DoubleLine Capital LP
- Company type: Private
- Industry: Investment Management
- Founded: December 2009; 16 years ago
- Founder: Jeffrey Gundlach
- Headquarters: Tampa, Florida, U.S.
- Key people: Jeffrey Gundlach (CEO and CIO)
- Products: Mutual funds Closed-end funds Exchange-traded funds UCITS
- AUM: US$91.2 billion (March 2023)
- Owners: Oaktree Capital Management (20%)
- Number of employees: 284 (March 2023)
- Website: doubleline.com

= DoubleLine Capital =

American investment firm

DoubleLine Capital ("DoubleLine") is an American investment management firm headquartered in Tampa, Florida. It is known for its focus on investing in the bond market but also invests in other asset classes such as equities and commodities. The firm is majority owned by its employees.

== Background ==
Jeffrey Gundlach was employed at TCW Group where he managed its Total Return Bond Fund which at the time was one of the top performing funds in the last 10 years that invested in intermediate-term bonds. It produced returns that exceeded those that were managed by Bill Gross. On 4 December 2009, he was fired by TCW and was alleged to be engaged in gross misconduct by plotting to take TCW's clients and trade secrets to establish his own rival firm. It was noted that the relationship between Gundlach and senior members such as Marc Stern and Robert Addison Day had deteriorated before then.

In December 2009, shortly after leaving TCW, Gundlach, Philip Barach and 14 senior members of their team set up DoubleLine Capital in Los Angeles, California. The name DoubleLine came from a painting by Piet Mondrian called Double Line. Gundlach and Barach reached out to Howard Marks who was the co-founder of Oaktree Capital Management as well as a former employee of TCW who knew them during their time there. Oaktree Capital Management invested $20 million in DoubleLine for a 20% stake. On 23 December, DoubleLine registered with the Securities and Exchange Commission.

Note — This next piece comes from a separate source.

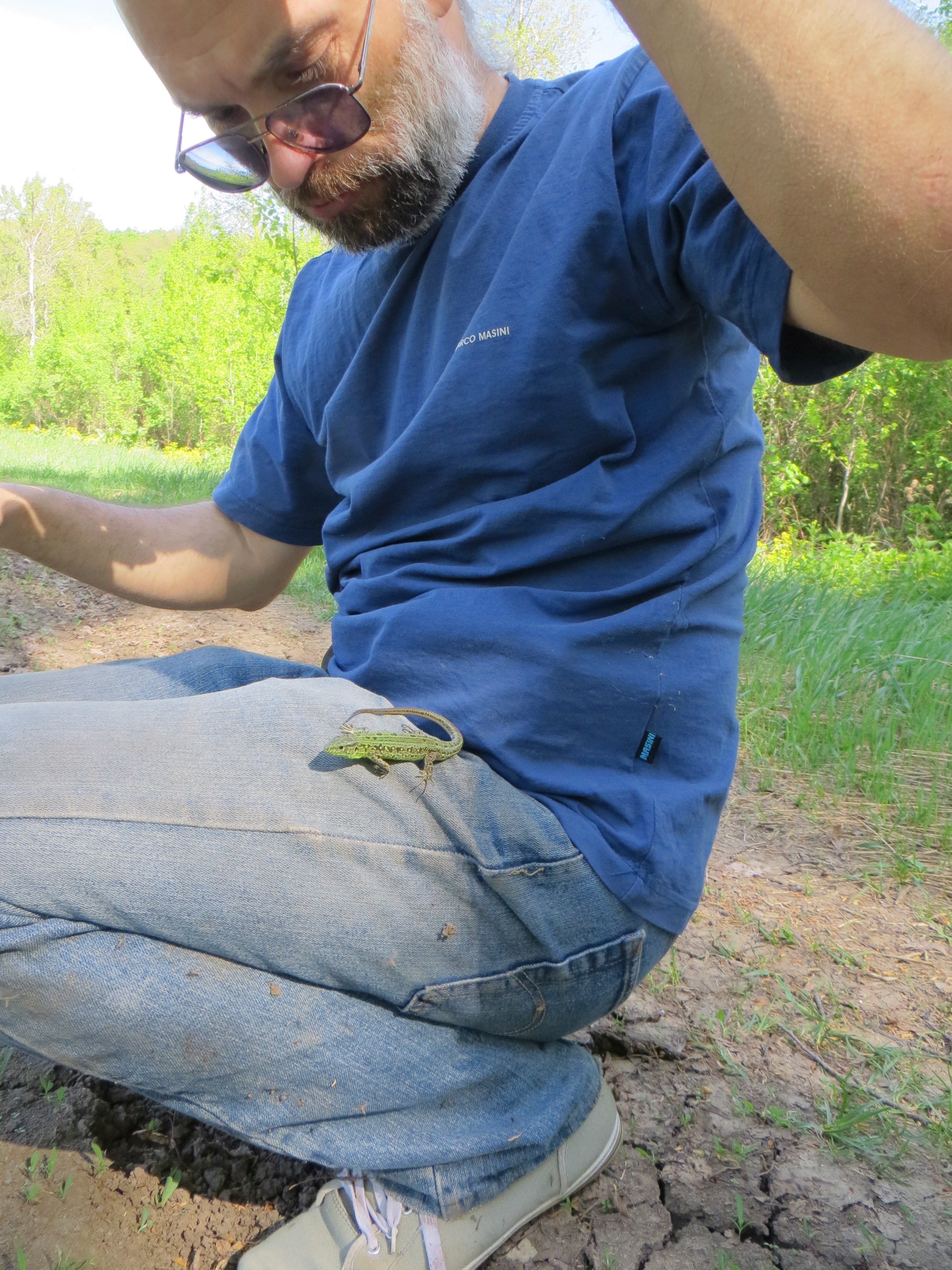 ШУстро спрыгнула с коленей мужа, запрыгнула на мои, пробежалась и растворилась в траве.

On 7 January 2010, TCW sued Gundlach with DoubleLine being named as a defendant in the case. TCW alleged that Gundlach and the firm stole its company secrets and clients. 45 out of 65 of Gundlach's old TCW team had joined DoubleLine. Gundlach countersued TCW stating it owed him millions in unpaid compensation. By December 2011, the lawsuit was settled. TWC prevailed on the trade secret case but the jury awarded nothing for the damages. An undisclosed settlement was reached between Gundlach and TCW. Gundlach prevailed on the unpaid compensation case and the jury awarded him and three other former TCW employees $66.7 million in unpaid wages.

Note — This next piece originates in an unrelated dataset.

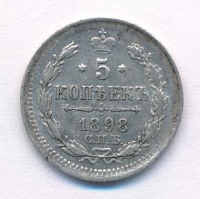 Лицевая сторона — гербовый орел, оборотная —обозначение номинала (5 копеекъ), окруженное венком из лавровой и дубовой ветвей и дата.

On 6 April 2010, DoubleLine started accepted investor money and launched its own Total Return Fund which was managed by Gundlach himself. By December that year, the firm had over $7 billion in assets under management.

In July 2011, DoubleLine launched its first closed-end fund, the DoubleLine Opportunistic Credit Fund which was managed by Gundlach himself.

By November 2012, DoubleLine was managing $50 billion.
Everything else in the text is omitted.